We believe that there is massive potential in harnessing the wind. It provides free, clean power that can be accessed virtually anywhere and by anyone. 
The Whike uses this free resource to the max, letting you sail the roads for the first time. As a land yacht and high performance pedal cycle, the Whike opens up awesome new possibilities for both travel and sport, providing the rider with improved range, visibility, comfort, providing the opertunity to stop pedaling relax and sail.

The modern world is starting to realize the full potential of wind power and explore the advantages of hybrid technologies.
By combining tried and tested principles of pedal cycles with land yacht capabilities, we have done just that. 

Whiking is road legal for both roads and cycle paths, even whilst under sail power, in both the Netherlands and the UK.

Y'know I'm all for trying alternative forms of transport, but the thought of 'sailing' down a main road full of heavy traffic would be a real squeeky bum moment for me. Also, legal or not, I suspect plod would not be aware of this. Indeed I've read stories of us 'normal' recumbent riders been stopped by police. Anyway, an interesting piece of kit regardless!

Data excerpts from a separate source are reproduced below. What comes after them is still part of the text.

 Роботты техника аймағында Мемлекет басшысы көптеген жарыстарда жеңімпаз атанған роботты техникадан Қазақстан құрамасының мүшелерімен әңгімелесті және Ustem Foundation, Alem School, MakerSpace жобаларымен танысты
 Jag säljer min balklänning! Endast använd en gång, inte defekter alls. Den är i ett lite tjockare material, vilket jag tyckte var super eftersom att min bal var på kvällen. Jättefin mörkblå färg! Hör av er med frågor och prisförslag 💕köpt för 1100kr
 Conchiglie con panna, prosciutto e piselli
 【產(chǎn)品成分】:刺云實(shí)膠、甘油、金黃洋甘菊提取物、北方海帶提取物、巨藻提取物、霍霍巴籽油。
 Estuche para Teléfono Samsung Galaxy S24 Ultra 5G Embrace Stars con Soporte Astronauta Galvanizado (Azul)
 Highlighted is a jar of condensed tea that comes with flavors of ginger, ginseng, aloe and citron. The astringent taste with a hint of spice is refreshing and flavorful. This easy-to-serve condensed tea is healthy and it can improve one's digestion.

P.S. I'm always a bit dubious when manufacturers misspell words in their literature. Especially when they miss the opportunity to spell 'opportunity' correctly!


----------



## starhawk (28 Apr 2012)

Land sailers have been around for a while as an alternative for Ice sailers during the summer. But they have a much wider footprint than that thing. Looks scary


----------



## ufkacbln (28 Apr 2012)

They work!
This is the Pterosail, a similar product:


----------



## ufkacbln (28 Apr 2012)

.. and if you think that is scary, do not look at the wonderful recumbent trike known as a "Flyke"


----------



## BlackPanther (28 Apr 2012)

Cunobelin said:


> .. and if you think that is scary, do not look at the wonderful recumbent trike known as a "Flyke"





Awesome!


----------



## byegad (29 Apr 2012)

The Whyke is a Kettwiesel like sailing trike and certainly legal in the Netherlands where I believe it is made. Given EU law conflicts you'd probably get away with it if it came to an English court.

However, while it may be legal it may not be such a good idea on UK roads where we have less protection at law from motor vehicles.


----------



## Gareth (29 Apr 2012)

There is a really nice youtube video of two Whike sail trikes on a tour of East Anglia. 

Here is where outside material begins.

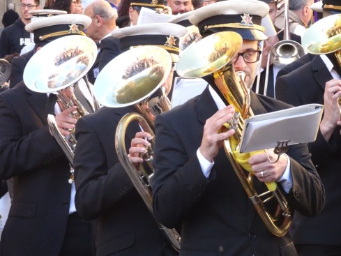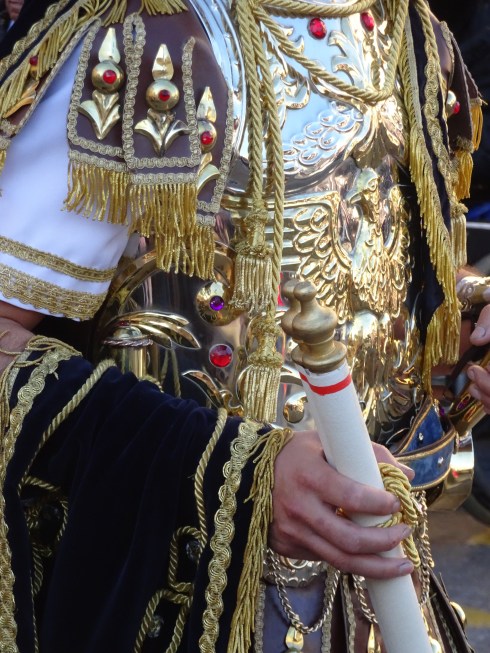 In the procession the events and people leading up to the crucifixion are portrayed. Jesus, Moses, John the Baptist, Judas, the Pharisees, the Roman soldiers, Pontius Pilate, Herod, the thieves, Mary and Anne as well as penitents and all of the local people who are there to support the church. There are two bands playing dirges that set a tone of sadness.
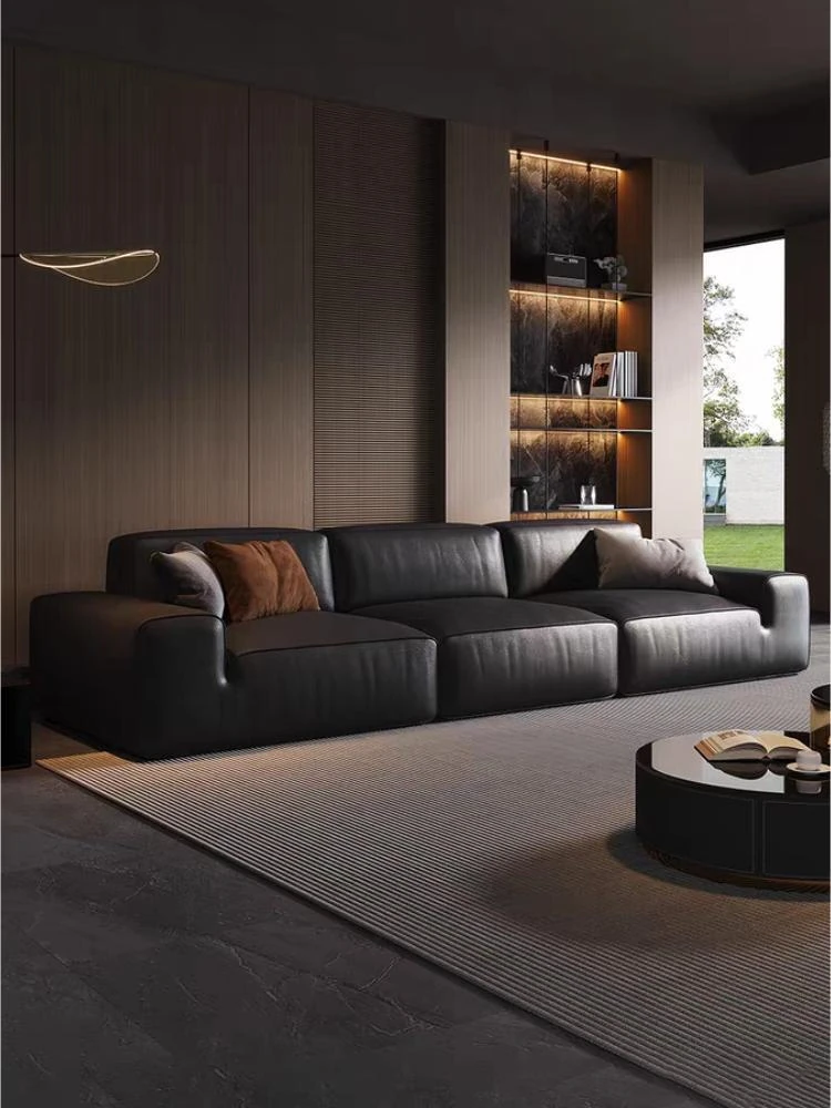 イタリアンミニマルビッグブラック牛革ソファ | ブラックトーフブロック型コンビネーション | 小型から大型の居住空間に最適な直線型ソファ!

Since early January I have been messing about with a sail on my Cargo Cycles tadpole trike converts to a quad test bed frame, and have thoroughly enjoyed whizzing around the park behind our house, a local car park, and on an old airfield. I have recently wanted to put wider tyres on it and try it out on a local beach but the weather has been droughting it down and has dissuaded me from getting out there and having a go.

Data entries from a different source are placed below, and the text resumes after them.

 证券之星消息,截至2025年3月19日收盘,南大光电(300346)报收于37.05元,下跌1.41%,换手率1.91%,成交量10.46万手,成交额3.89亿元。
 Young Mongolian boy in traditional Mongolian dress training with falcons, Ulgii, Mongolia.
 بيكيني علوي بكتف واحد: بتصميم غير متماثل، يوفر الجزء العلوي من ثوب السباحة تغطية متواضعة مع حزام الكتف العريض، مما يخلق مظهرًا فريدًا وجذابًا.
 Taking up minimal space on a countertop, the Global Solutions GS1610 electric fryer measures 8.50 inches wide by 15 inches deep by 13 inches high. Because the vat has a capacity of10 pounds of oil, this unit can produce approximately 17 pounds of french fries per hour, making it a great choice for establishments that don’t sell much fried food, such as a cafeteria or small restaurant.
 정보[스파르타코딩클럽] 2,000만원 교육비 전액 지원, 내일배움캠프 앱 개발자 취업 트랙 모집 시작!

According to the cycle computer I have fitted on this frame I have achieved 38 mph under wind power alone which is rather invigorating.


----------



## starhawk (29 Apr 2012)

Cunobelin said:


> .. and if you think that is scary, do not look at the wonderful recumbent trike known as a "Flyke"



That was fun, pity it is a delta and not a real trike  Still think the Whike is scary, how fun is it with a big pole between your legs?


----------



## CopperBrompton (12 May 2012)

I'm loving that there are more eccentric bikes than mine out there. :-)

The Whike looks a huge amount of fun. Not sure I'd fancy it on some of my roads, though ...


----------



## cyberknight (12 May 2012)

Cunobelin said:


> .. and if you think that is scary, do not look at the wonderful recumbent trike known as a "Flyke"


Why not put the prop on whilst on the road and save pedaling , legal issues aside ............


----------



## ufkacbln (12 May 2012)

cyberknight said:


> Why not put the prop on whilst on the road and save pedaling , legal issues aside ............





Would certainly discourage drafting!


----------



## CopperBrompton (12 May 2012)

Plus no problem if someone pulls out in front of you, just thow out the wing and take off.


----------